In the code below, the degF regex matches 2 groups when I use Pythex (http://pythex.org/) but returns None. What am I doing wrong?
# This Python file uses the following encoding: utf-8
import os, sys
import re
testString = "Friday: Thundery Shower, Maximum Temperature: 27°C (81°F) Minimum Temperature: 17°C (63°F)"
t = re.match("^([^:]+):\s*([^,]+)", testString)
degF = re.match("^(\d+.F\))", testString)

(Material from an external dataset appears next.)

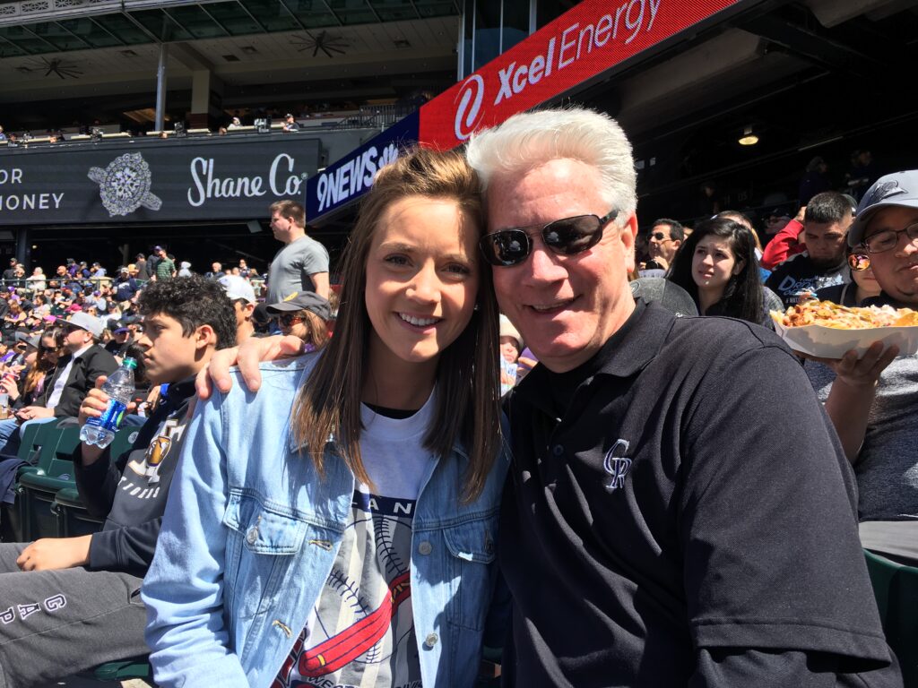 Here’s a photo of my dad and me at a Rockies baseball game. It was a beautiful day but that’s not unique… Colorado has over 300 days of sunshine a year which is more than Florida!
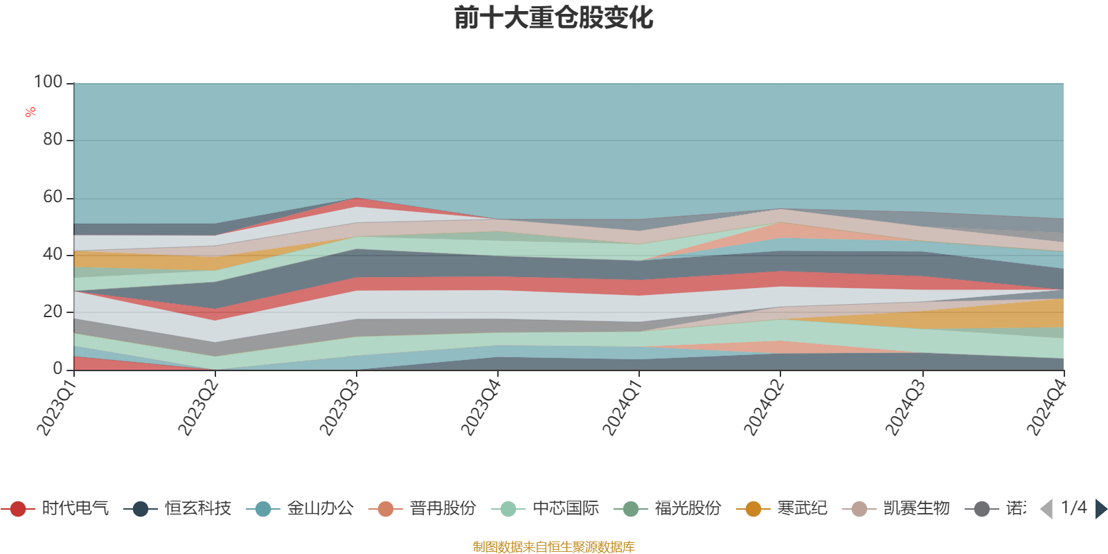 该基金持股集中度较高。截至2024年四季度末,基金十大重仓股分别是寒武纪、传音控股、中芯国际、海光信息、峰岹科技、恒玄科技、福光股份、中微公司、华海清科、晶晨股份。

print t . # _sre.SRE_Match object
print t.group(1) # Friday
print t.group(2) # Thundery Shower
print degF # None
# print "Max temp " + degF.group(1)
# print "Min temp " + degF.group(2)
Upvotes: 1
Views: 73
Reputation: 89557
Your string contains characters out of the ASCII range that are encoded with two bytes (in UTF-8), but your string isn't defined as an unicode string and the grapheme °
is seen as 2 different characters.
If you want the dot to match °
as a single grapheme, you need to define your string as a unicode string:
testString = u"Friday: Thundery Shower, Maximum Temperature: 27°C (81°F) Minimum Temperature: 17°C (63°F)"
Then the pattern \d+.F
will match without any problem.
Upvotes: 1
Reputation: 626835
You used .
in your pattern to match a degree symbol. However, a .
matches a single byte, while °
is in fact two bytes long:
print len('°') # => 2
So, you may just use °
instead of .
in your degF
pattern (or \W*
to match zero or more non-word chars, i.e. r"(\d+\W+F)\)"
), use re.search
everywhere and remove the ^
if you do not plan to match only at the start of the string:
degF = re.findall(r"(\d+°F)\)", testString)
print(degF) # => ['81\xc2\xb0F', '63\xc2\xb0F']
See the Python demo
You may shift the unescaped )
to right after \d+
to only match whole numbers. You may change \d
to \d[\d.]*
to match float or integer numbers.
Upvotes: 2
Reputation: 12927
Your regexp here begins with ^
(and additionally re.match
matches only at the beginning of string), but your testString
doesn't begin with a sequence of digits.
Upvotes: 2